Write again exactly the lines in the listing below, starting at the line with "BRUG: SKAL LÆSES" and ending at the line with "HKT48劇場」が入居している施設「BOSS E・ZO FUKUOKA』内におきまして、刺傷事件が発生いたしました。」と報告。", both included. Pictures are not copied.

— Data supplied —
--------
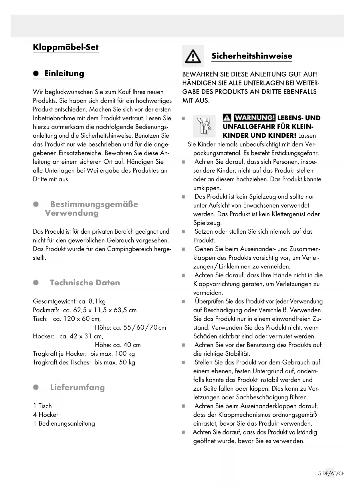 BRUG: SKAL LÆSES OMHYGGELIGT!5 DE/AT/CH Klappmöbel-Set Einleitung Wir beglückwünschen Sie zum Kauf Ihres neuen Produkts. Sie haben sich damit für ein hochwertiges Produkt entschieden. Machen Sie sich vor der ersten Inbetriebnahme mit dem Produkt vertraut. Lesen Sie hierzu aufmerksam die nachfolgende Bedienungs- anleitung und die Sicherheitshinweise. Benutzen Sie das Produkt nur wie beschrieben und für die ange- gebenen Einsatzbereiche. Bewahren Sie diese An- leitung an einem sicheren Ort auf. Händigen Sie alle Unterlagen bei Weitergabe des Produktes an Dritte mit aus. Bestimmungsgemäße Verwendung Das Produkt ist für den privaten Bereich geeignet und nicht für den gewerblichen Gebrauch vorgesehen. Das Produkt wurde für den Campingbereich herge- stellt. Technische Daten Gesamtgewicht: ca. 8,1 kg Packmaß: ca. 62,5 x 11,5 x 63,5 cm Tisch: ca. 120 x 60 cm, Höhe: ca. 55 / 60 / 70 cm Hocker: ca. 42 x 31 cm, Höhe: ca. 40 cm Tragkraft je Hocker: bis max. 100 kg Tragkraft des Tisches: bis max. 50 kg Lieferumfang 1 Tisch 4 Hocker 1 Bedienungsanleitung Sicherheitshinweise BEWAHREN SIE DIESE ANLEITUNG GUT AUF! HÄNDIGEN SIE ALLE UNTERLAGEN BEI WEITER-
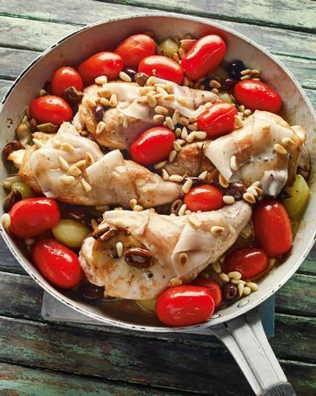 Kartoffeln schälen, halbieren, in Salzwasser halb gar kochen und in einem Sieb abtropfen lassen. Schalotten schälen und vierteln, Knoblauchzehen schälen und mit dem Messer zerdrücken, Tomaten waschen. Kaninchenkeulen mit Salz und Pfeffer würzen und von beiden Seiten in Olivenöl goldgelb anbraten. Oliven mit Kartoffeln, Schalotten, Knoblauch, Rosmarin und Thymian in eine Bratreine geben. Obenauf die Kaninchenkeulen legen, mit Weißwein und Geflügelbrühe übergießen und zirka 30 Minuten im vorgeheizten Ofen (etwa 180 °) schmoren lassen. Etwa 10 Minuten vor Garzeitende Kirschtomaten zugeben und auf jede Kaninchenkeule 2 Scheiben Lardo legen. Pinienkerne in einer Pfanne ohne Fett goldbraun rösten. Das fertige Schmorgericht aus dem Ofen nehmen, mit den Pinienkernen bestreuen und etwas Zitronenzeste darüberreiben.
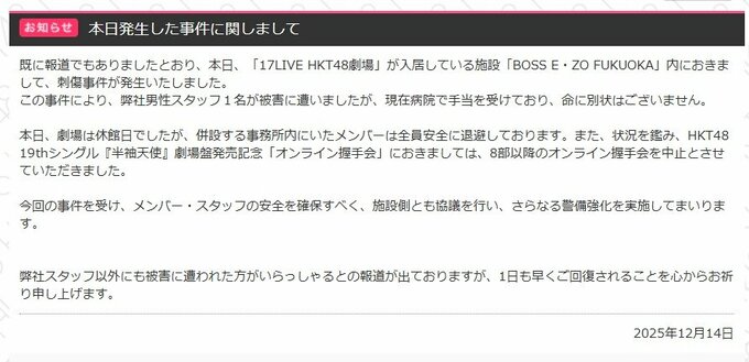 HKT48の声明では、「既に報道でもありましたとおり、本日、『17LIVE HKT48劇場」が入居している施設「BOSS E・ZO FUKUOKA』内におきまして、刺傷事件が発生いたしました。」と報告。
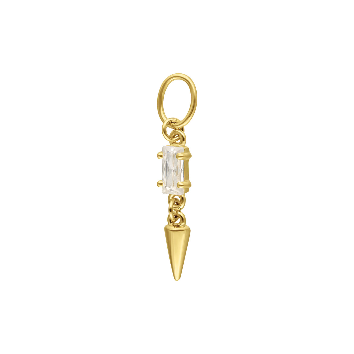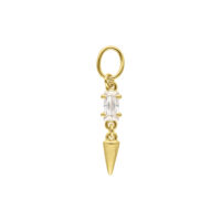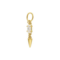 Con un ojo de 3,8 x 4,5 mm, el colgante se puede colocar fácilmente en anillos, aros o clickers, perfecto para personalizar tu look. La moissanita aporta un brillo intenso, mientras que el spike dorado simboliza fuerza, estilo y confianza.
--------
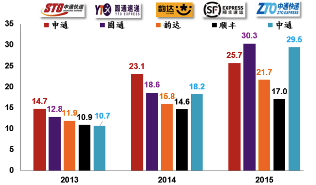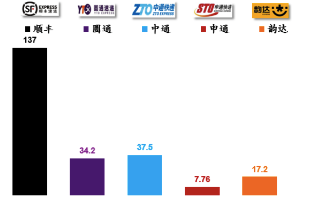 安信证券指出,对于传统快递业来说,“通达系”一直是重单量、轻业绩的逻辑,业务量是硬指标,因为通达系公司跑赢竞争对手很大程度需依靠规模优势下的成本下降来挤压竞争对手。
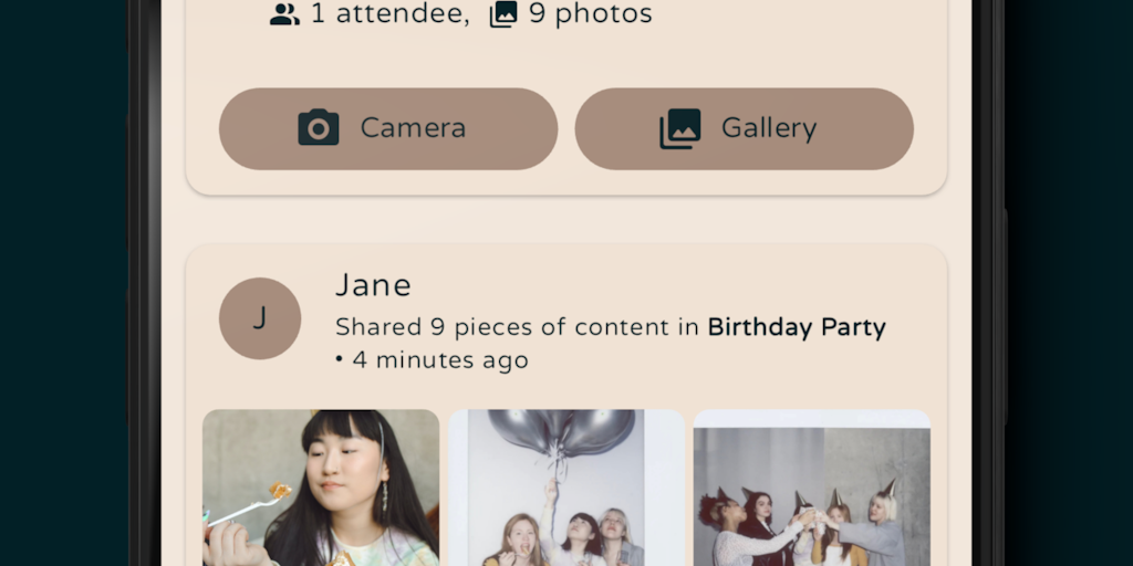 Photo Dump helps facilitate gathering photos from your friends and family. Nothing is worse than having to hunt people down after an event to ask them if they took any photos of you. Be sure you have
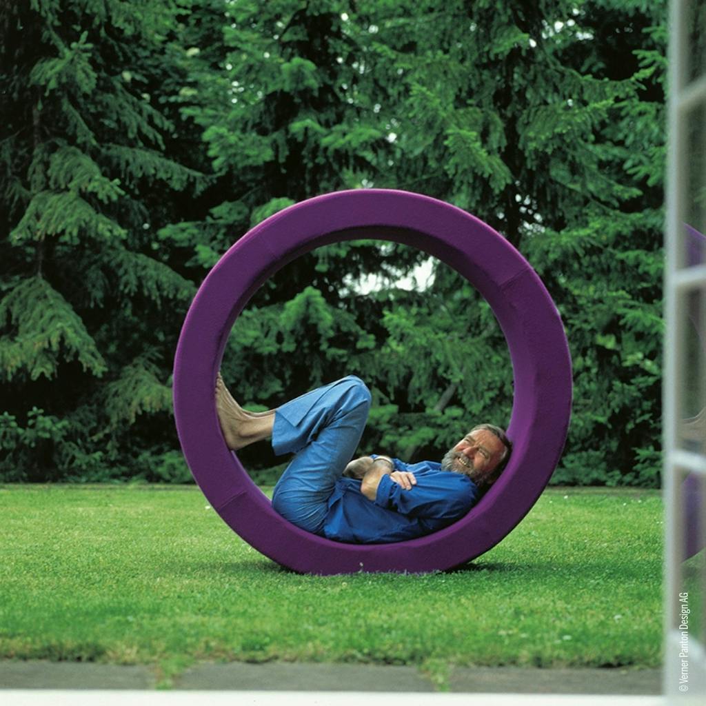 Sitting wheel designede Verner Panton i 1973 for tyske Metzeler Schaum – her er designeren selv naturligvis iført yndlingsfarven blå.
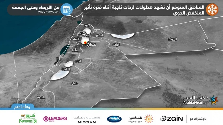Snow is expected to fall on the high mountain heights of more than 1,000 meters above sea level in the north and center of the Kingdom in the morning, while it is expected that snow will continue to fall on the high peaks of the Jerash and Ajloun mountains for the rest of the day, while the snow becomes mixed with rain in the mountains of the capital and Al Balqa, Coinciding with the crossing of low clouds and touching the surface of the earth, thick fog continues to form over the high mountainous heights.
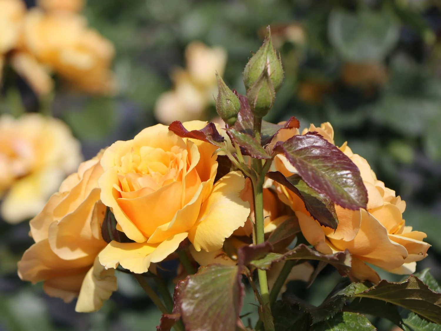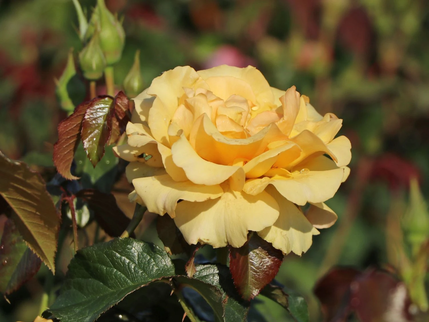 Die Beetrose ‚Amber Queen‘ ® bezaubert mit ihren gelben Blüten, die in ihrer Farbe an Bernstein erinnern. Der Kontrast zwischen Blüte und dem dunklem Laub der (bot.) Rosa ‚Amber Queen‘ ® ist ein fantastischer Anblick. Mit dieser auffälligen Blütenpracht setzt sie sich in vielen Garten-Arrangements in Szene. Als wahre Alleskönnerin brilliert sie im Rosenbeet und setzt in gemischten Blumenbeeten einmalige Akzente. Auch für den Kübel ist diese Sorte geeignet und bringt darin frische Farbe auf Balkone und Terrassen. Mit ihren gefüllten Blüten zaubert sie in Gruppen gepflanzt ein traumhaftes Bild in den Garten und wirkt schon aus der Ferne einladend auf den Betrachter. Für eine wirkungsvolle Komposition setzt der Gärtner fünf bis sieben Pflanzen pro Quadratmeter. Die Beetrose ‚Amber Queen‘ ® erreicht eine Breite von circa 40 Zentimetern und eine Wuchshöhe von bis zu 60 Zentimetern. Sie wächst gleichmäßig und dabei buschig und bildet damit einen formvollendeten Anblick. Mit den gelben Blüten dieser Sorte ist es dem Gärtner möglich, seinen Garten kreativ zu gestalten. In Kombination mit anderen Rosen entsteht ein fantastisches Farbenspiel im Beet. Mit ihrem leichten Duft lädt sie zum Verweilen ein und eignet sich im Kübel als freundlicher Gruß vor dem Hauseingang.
--------
— Expected output —
 BRUG: SKAL LÆSES OMHYGGELIGT!5 DE/AT/CH Klappmöbel-Set Einleitung Wir beglückwünschen Sie zum Kauf Ihres neuen Produkts. Sie haben sich damit für ein hochwertiges Produkt entschieden. Machen Sie sich vor der ersten Inbetriebnahme mit dem Produkt vertraut. Lesen Sie hierzu aufmerksam die nachfolgende Bedienungs- anleitung und die Sicherheitshinweise. Benutzen Sie das Produkt nur wie beschrieben und für die ange- gebenen Einsatzbereiche. Bewahren Sie diese An- leitung an einem sicheren Ort auf. Händigen Sie alle Unterlagen bei Weitergabe des Produktes an Dritte mit aus. Bestimmungsgemäße Verwendung Das Produkt ist für den privaten Bereich geeignet und nicht für den gewerblichen Gebrauch vorgesehen. Das Produkt wurde für den Campingbereich herge- stellt. Technische Daten Gesamtgewicht: ca. 8,1 kg Packmaß: ca. 62,5 x 11,5 x 63,5 cm Tisch: ca. 120 x 60 cm, Höhe: ca. 55 / 60 / 70 cm Hocker: ca. 42 x 31 cm, Höhe: ca. 40 cm Tragkraft je Hocker: bis max. 100 kg Tragkraft des Tisches: bis max. 50 kg Lieferumfang 1 Tisch 4 Hocker 1 Bedienungsanleitung Sicherheitshinweise BEWAHREN SIE DIESE ANLEITUNG GUT AUF! HÄNDIGEN SIE ALLE UNTERLAGEN BEI WEITER-
 Kartoffeln schälen, halbieren, in Salzwasser halb gar kochen und in einem Sieb abtropfen lassen. Schalotten schälen und vierteln, Knoblauchzehen schälen und mit dem Messer zerdrücken, Tomaten waschen. Kaninchenkeulen mit Salz und Pfeffer würzen und von beiden Seiten in Olivenöl goldgelb anbraten. Oliven mit Kartoffeln, Schalotten, Knoblauch, Rosmarin und Thymian in eine Bratreine geben. Obenauf die Kaninchenkeulen legen, mit Weißwein und Geflügelbrühe übergießen und zirka 30 Minuten im vorgeheizten Ofen (etwa 180 °) schmoren lassen. Etwa 10 Minuten vor Garzeitende Kirschtomaten zugeben und auf jede Kaninchenkeule 2 Scheiben Lardo legen. Pinienkerne in einer Pfanne ohne Fett goldbraun rösten. Das fertige Schmorgericht aus dem Ofen nehmen, mit den Pinienkernen bestreuen und etwas Zitronenzeste darüberreiben.
 HKT48の声明では、「既に報道でもありましたとおり、本日、『17LIVE HKT48劇場」が入居している施設「BOSS E・ZO FUKUOKA』内におきまして、刺傷事件が発生いたしました。」と報告。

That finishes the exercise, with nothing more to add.